Since the new nodes will not have any data on them, the administrator needs to start the balancer to redistribute data evenly between all nodes.
Hadoop cluster will detect new datanodes automatically. However, in order to optimize the cluster performance it is recommended to start rebalancer to redistribute the data between datanodes evenly.
26. If the Hadoop administrator needs to make a change, which configuration file does he need to change?
Each node in the Hadoop cluster has its own configuration files and the changes needs to be made in every file. One of the reasons for this is that configuration can be different for every node.
27. Map Reduce jobs are failing on a cluster that was just restarted. They worked before restart. What could be wrong?

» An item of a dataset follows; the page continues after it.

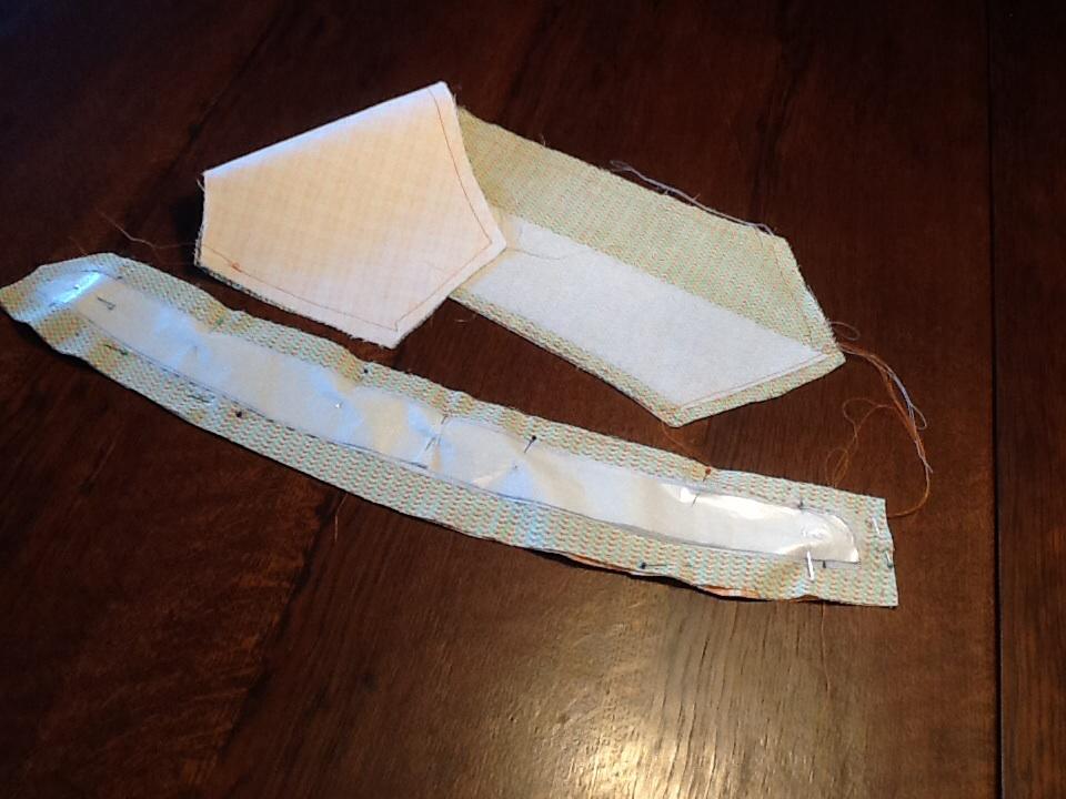 Воротник и стойка для жесткости проклеены рубашечными клеевыми- названия их не знаю. В острых уголках, при выворачивали, это создает дополнительную трудность.

The cluster is in a safe mode. The administrator needs to wait for namenode to exit the safe mode before restarting the jobs again. This is a very common mistake by Hadoop administrators when there is no secondary namenode on the cluster and the cluster has not been restarted in a long time. The namenode will go into safemode and combine the edit log and current file system timestamp
28. Map Reduce jobs take too long. What can be done to improve the performance of the cluster?
One the most common reasons for performance problems on Hadoop cluster is uneven distribution of the tasks. The number tasks has to match the number of available slots on the cluster Hadoop is not a hardware aware system. It is the responsibility of the developers and the administrators to make sure that the resource supply and demand match.
29. How often do you need to reformat the namenode?
Never. The namenode needs to formatted only once in the beginning. Reformatting of the namenode will lead to lost of the data on entire file system. The namenode is the only system that needs to be formatted only once. It will create the directory structure for file system metadata and create namespaceID for the entire file system.
30. After increasing the replication level, I still see that data is under replicated. What could be wrong?
Data replication takes time due to large quantities of data. The Hadoop administrator should allow sufficient time for data replication. Depending on the data size the data replication will take some time. Hadoop cluster still needs to copy data around and if data size is big enough it is not uncommon that replication will take from a few minutes to a few hours.